BUFFALO, N.Y. (WKBW) — With a lack of primary care doctors in under-served communities, the University at Buffalo’s Jacobs School of Medicine is offering scholarships to medical students with a promise of staying to live and practice medicine right here in Western New York.
7 News Senior Reporter Eileen Buckley met with a student who made the pledge and why this is so important to Buffalo.
“The community is great. I love being here,” declared Megan Cloutier, medical student.
Each Monday afternoon UB Jacob School of Medicine student Megan Cloutier comes to see patients at the Hertel-Elmwood Internal Medicine Center in north Buffalo.
Cloutier, a Niagara Falls native, is graduating from medical school at the end of this month but will continue her residency work for the next three years. She has been able to help pay for med school thanks to Western New York medical scholarships.
“It's really important to realize that this came from our local physicians and our local business leaders who said we need to keep our medical students in Western New York to be our next generation of primary care physicians,” explained Allison Brashear, dean, Jacobs School of Medicine & Biomedical Sciences.
With projected doctor shortages and underserved communities lacking primary care physicians, Dean Brashear tells me these scholarships are a way to get students to pledge to stay local once they become a doctor.
“There's about a 20% projected physician shortage in our area and this is one way that we can get medical students to come to stay and live, do the residency, and stay in Buffalo. The people who get these scholarships have to have at least five years committed after their training to practice in Buffalo and well, of course, once someone comes to Buffalo, they want to stay in Buffalo,” noted Brashear.
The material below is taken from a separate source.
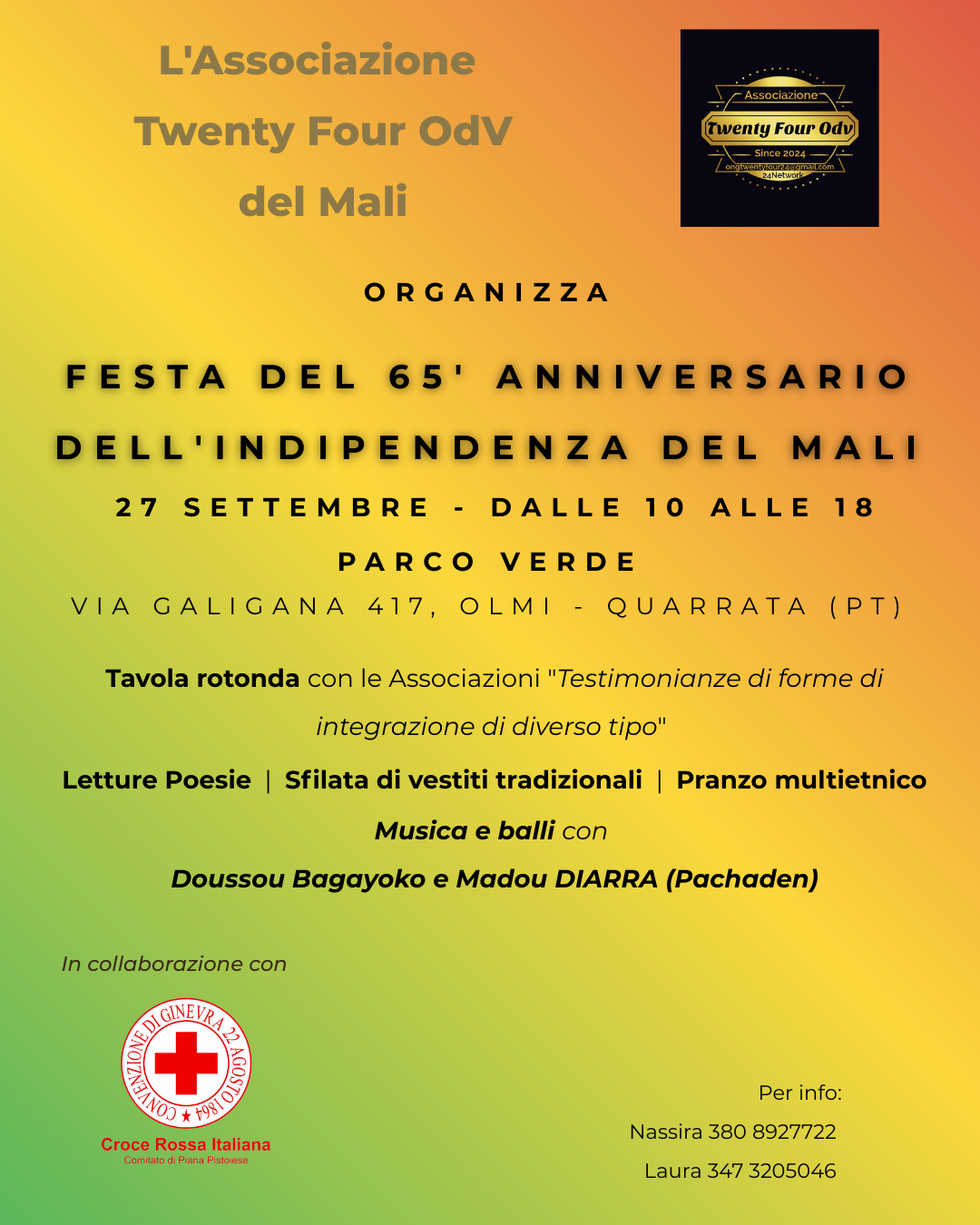 Sabato 27 settembre 2025, dalle ore 10 alle 18, presso il Parco Verdi Olmi di Quarrata, l’Associazione Twenty Four Odv organizza la Festa per il 65º anniversario dell’indipendenza del Mali, con un ricco programma di appuntamenti e iniziative.

The UB medical student tells me thanks to this scholarship program, she now has the chance to map out her future as a doctor right here in Buffalo.
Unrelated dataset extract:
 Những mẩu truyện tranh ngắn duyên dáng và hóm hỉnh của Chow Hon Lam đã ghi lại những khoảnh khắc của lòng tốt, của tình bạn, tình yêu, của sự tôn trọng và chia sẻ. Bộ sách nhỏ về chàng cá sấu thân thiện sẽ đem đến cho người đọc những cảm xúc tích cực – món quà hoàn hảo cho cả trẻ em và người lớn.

“I'm definitely excited to stay here especially doing primary care because it's so needed,” reflected Cloutier. “There are some patients that all their notes are just from hospital visits and they never come into see a doctor and get their problems managed until its kind of too late and end up getting admitted.”
The scholarship program is also designed to encourage Buffalo students to consider a career as a doctor with a future chance to reach underserved populations.
“One way we can improve the health of the communities and have more physicians in the community, that looks like the community — that is our goal to improve the health of the community and we can do that in one way by bringing more students from the region to stay here and practice in Buffalo,” responded Brashear.
Local doctors and UB have worked to continue raising dollars for the Western New York Medical Scholarships fund.
The scholarships are available to first-year medical students who graduated from a high school located in one of the eight counties of Western New York. Anyone can make a contribution to the program.
“We raised about $4 million and we gave out scholarships this year, we hope to give out many more. And really, part of what we want to talk about is how important this is because we want students to be able to stay here, and we want them to choose primary care. We need more doctors and we have more doctors retiring and we need to really make sure that we have that pathway to bring in a new generation of physicians,” replied Brashear.